The WWF Tough Enough 2 compilation CD released by Geffen Records on May 14, 2002, while having the new "WWE" logo on the cover, was issued as a "WWF" release on the CD spine as it had already been cataloged by Geffen. The New York Stock Exchange ticker symbol remained as "NYSE:WWF" until August 7, 2002, and some championship titles on WWE programming continued to feature the WWF "scratch" logo on them, until they could be redesigned.

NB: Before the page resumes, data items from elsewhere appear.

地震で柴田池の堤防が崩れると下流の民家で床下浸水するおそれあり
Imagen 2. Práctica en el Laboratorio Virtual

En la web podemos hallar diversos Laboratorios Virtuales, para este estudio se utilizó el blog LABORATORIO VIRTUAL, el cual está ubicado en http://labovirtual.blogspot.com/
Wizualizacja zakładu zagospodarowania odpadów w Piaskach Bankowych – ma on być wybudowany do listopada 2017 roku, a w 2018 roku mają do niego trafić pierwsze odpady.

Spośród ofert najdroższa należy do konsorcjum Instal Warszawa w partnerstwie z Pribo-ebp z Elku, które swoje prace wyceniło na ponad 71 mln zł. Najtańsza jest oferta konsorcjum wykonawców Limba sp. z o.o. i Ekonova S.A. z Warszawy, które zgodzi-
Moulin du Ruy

Due to WWE's April 2003 victory in the Court of Appeal, the British WWE Tagged Classics DVD re-issues of WWF VHS releases, issued between 2004 and 2012 by third-party distributor Silver Vision, feature pre-2002 content in its uncut, original, uncensored form—fully retaining all references to "WWF". However, exactly as the same as the re-released interactive software, the external packaging at retail, and internal selection menus, both exclusively use "WWE" branding.

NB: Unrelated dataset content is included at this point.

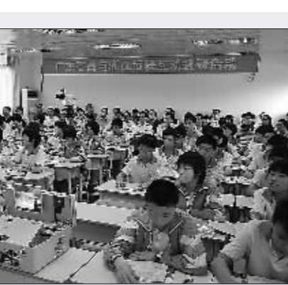
教研经常与外地开展远程互动

与德国 ASG 公益教育集团为姊妹学校,派出教师到德国学习现代职业教育理念技术。众多中小学、幼儿园与港澳学校或教育机构开展教育合作交流。以中小学教师为主体的星海合唱团经常到国外交流演出,并主办了星海国际合唱节。通过对外交流和合作活动,让区内师生不但增长了知识,拓宽了视野,更重要的是感悟、学习到了先进的教育理念,进一步提高了教师教育的前瞻性,深化了现代教育观念,提升了教育的品位,积极的对外交流,有效地发挥了影响力和辐射力,有力地促进了教育国际化、现代化,更提升了番禺教育的整体形象,也使番禺教育逐渐迈向国际化行列。 从1980年起始到2010年,番禺对于教育现代化的梦想一步步坚定地走向现实,推进教育现代化取得显著的成效,呈现出“高位均衡”、“机会公平”、“质量优化”、“手段先进”四大鲜明的特点。 其中“高位均衡”主要体现在学前教育整体水平提升、义务教育城乡一体化发展、高中阶段教育优质协调发展方面。“机会公平”主要体现在该区坚持教育的公益性和普惠性,把促进教育公平作为一项基本的教育政策抓好落实,让番禺的每一个孩子都享受到优质教育。具体包括特殊教育形成品牌、扶贫助学体系完善、外来人员子女教育问题有效解决。“质量优化”即教育质量保持优化态势。以高考为例,2010年高考重点批次上线755人,本科上线4026人,每万人上线率分别为77.37%、78.72%,均创历史新高。仲元中学、番禺中学、象贤中学连续多年获广州市高中毕业班工作综合评分一等奖,其中仲元中学2007年、2008年和2010年3次获一等奖第一名。广州市教育局在该区召开广州市高中新课程实验暨2007年普通高考总结表彰现场会,区教育局及仲元中学在会上获邀介绍做法和经验,获得市同行的赞誉。“手段先进”体现在通过信息化和教育科研两大手段,推进教育改革创新。该区信息化建设投入大、配置高、应用广、成效好的特点。教育科研和教育综合改革得到提速成就显著:过去的5年间,该区获批各级各类教育科学规划立项课题455项,其中教育部课题5项,省级

Throughout the 2000s, the original "WWF" block logo remained used on licensed replica WWE championship titles that were manufactured and sold by Figures Toy Company, as well as occasionally on other forms of merchandise. On November 15, 2010, WWE Raw hosted an "Old School" edition which featured the WWF "block" logo frequently in the program, alongside a range of WWF "block" logo merchandise that was sold at the event and online. However, the event's overhead banners and the ring aprons used "World Wrestling Entertainment". In other instances, such as on John Cena's vintage-themed 2003 "Word Life" merchandise, WWE modified the block logo to remove the "F" entirely.

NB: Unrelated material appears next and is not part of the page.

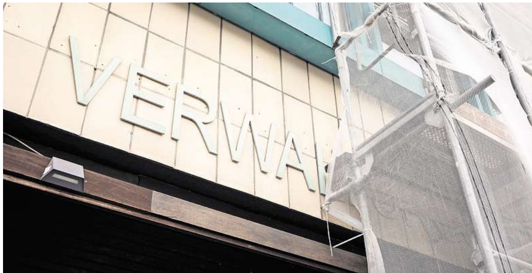
Das Verwaltungszentrum Mühlentor ist Sitz zahlreicher städtischer Behörden. Die Zahl der Arbeitsplätze wird erst einmal nicht wachsen.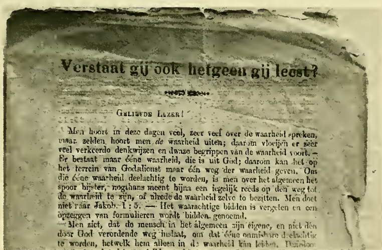
Reproductie van de inleiding der eerste tractaat in Nederland gedrukt — Juni 1866 te Amsterdam.

In den laatste tijd staan al deze afdelingen: Zondagsscholen, Zusters Hulpverenigingen, Jongemannen en Jongevrouwen O.O.V., de Genealogie en het Jeugdwerk onder een eigen, algemeen bestuur.

The compilation music albums WWF Aggression, WWF Forceable Entry, WWF Tough Enough (Music from the Hit Series) and WWF Tough Enough 2 remain listed on digital music stores and music streaming services as legacy "WWF" releases, as they are distributed by record labels such as Sony Music and Universal Music Group, therefore are not controlled by WWE.

=== WWF.com domain lapse ===
On December 1, 2002, the WWF.com web domain name expired. WWE had allowed the domain name to lapse, as there was no legal obligation to transfer the asset to the Fund. The domain was quickly acquired by Frank Baach, who sold it to Gregory Ricks from Texas in 2003, who used the domain for his "Web Wrestling Forum". On November 17, 2006, it was announced that the Fund's attempt to obtain the domain name through ICANN's UDRP system, on the grounds that it was registered in bad faith, was unsuccessful, as Ricks was using the web domain for professional wrestling forum purposes and therefore did not pretend to be affiliated with the Fund.

=== 2012 agreement for archival footage ===
Ahead of the launch of the WWE Network online streaming service, the Fund reached a new agreement with the WWE that would no longer require the promotion to censor WWF "scratch" logos, "WWF" typefaces, or spoken "WWF" references in legacy footage. However, this new agreement would override the 1994 agreement, meaning that WWE would no longer be allowed to reproduce the original WWF "block" logo or the phrase "World Wrestling Federation". The WWE Raw 1000 television special, broadcast on July 23, 2012, included the first television broadcasts of uncensored "WWF" legacy footage.